***** Given material
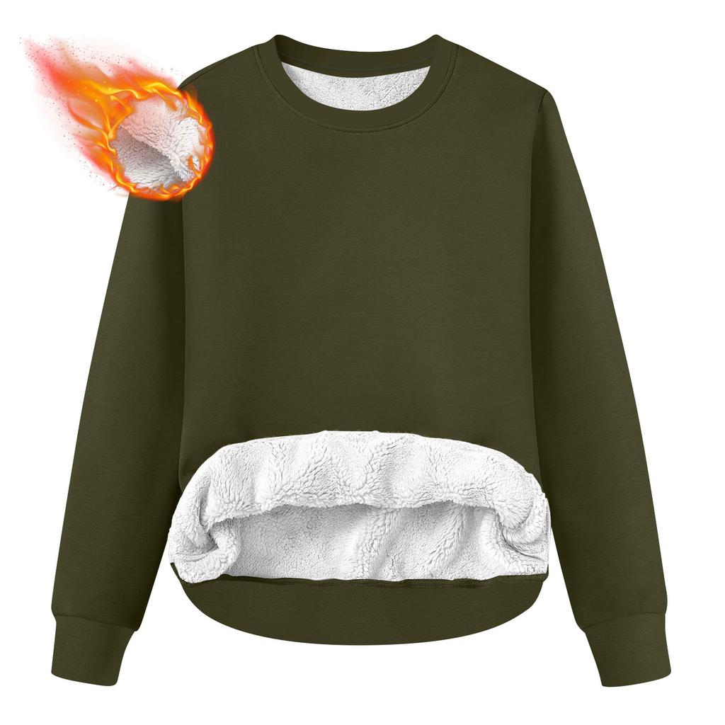 Женская повседневная модная зимняя однотонная плюшевая толстовка с круглым вырезом
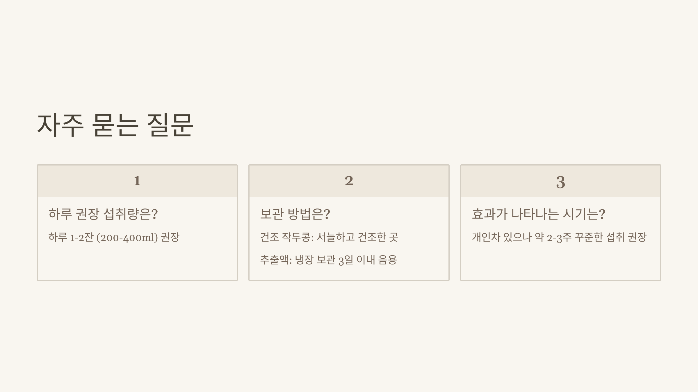 A2. 많은 분들이 비염 개선 효과를 경험했다고 해요. 작두콩의 콘카나 발린 A 성분이 염증을 억제하는 효과가 있거든요. 하지만 개인차가 있고, 즉각적인 효과보다는 꾸준히 마셔야 효과를 볼 수 있어요. 심한 비염은 의사 상담과 함께 보조적으로 활용하는 게 좋답니다.
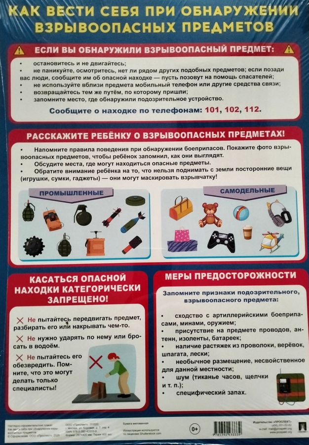 Плакат А3 Как вести себя при обнаружении взрывоопасных предметов 2025 | Автор не указан
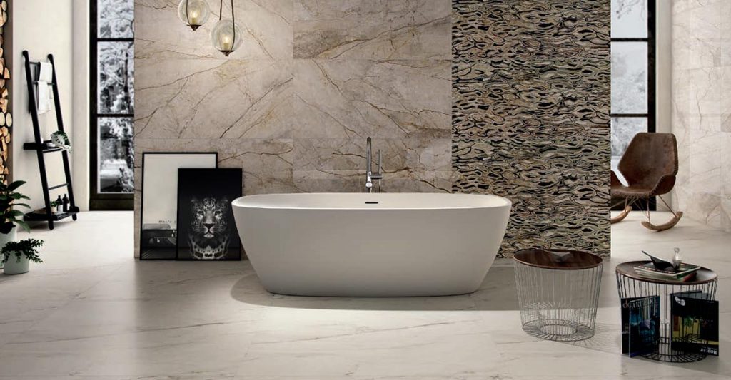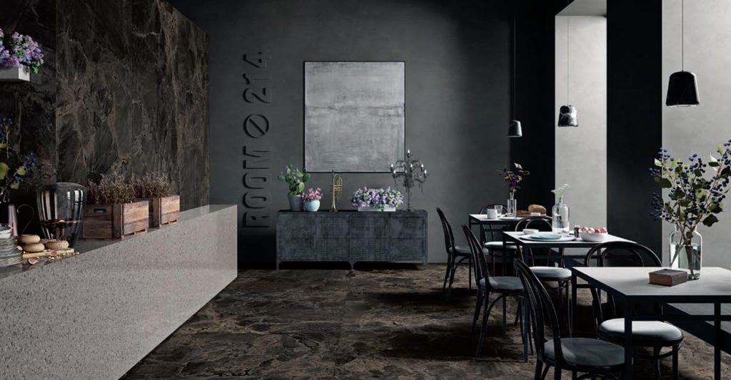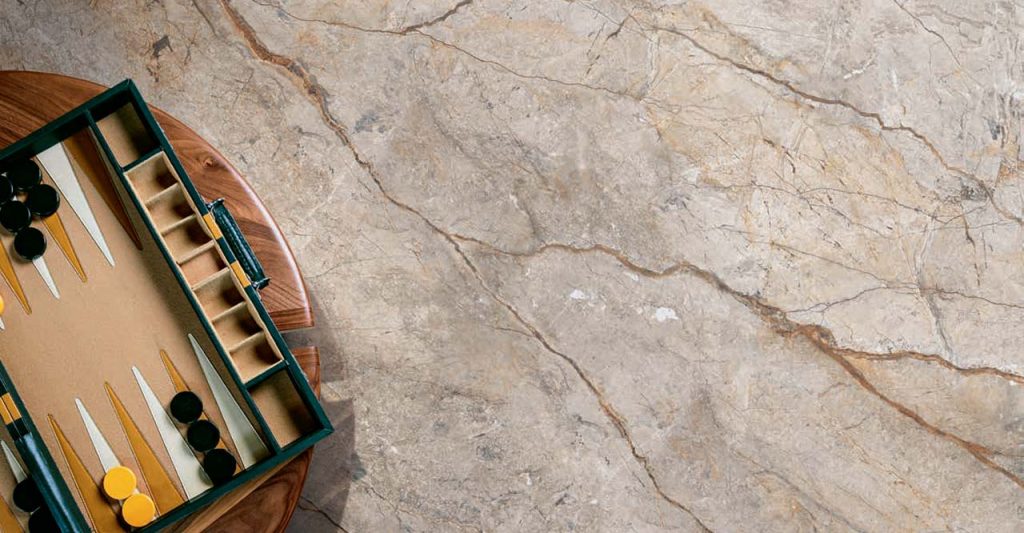 Imola Ceramica’s exploration path continues with regard to the wealth of quality marbles and their interpretation. Once again, the project is the perfect mix between the potential of ceramic slabs and the modernity of creative language and research. The Room is a wealth of four new proposals that interpret reference models from a variety of areas, differing in renown and how they are used.
**********
What needs to be done:
Copy nothing but the lines from the one containing "Плакат А3 Как" through the last line of the listing above, transcribed exactly and with no pictures.

Result of this exercise:
 Плакат А3 Как вести себя при обнаружении взрывоопасных предметов 2025 | Автор не указан
 Imola Ceramica’s exploration path continues with regard to the wealth of quality marbles and their interpretation. Once again, the project is the perfect mix between the potential of ceramic slabs and the modernity of creative language and research. The Room is a wealth of four new proposals that interpret reference models from a variety of areas, differing in renown and how they are used.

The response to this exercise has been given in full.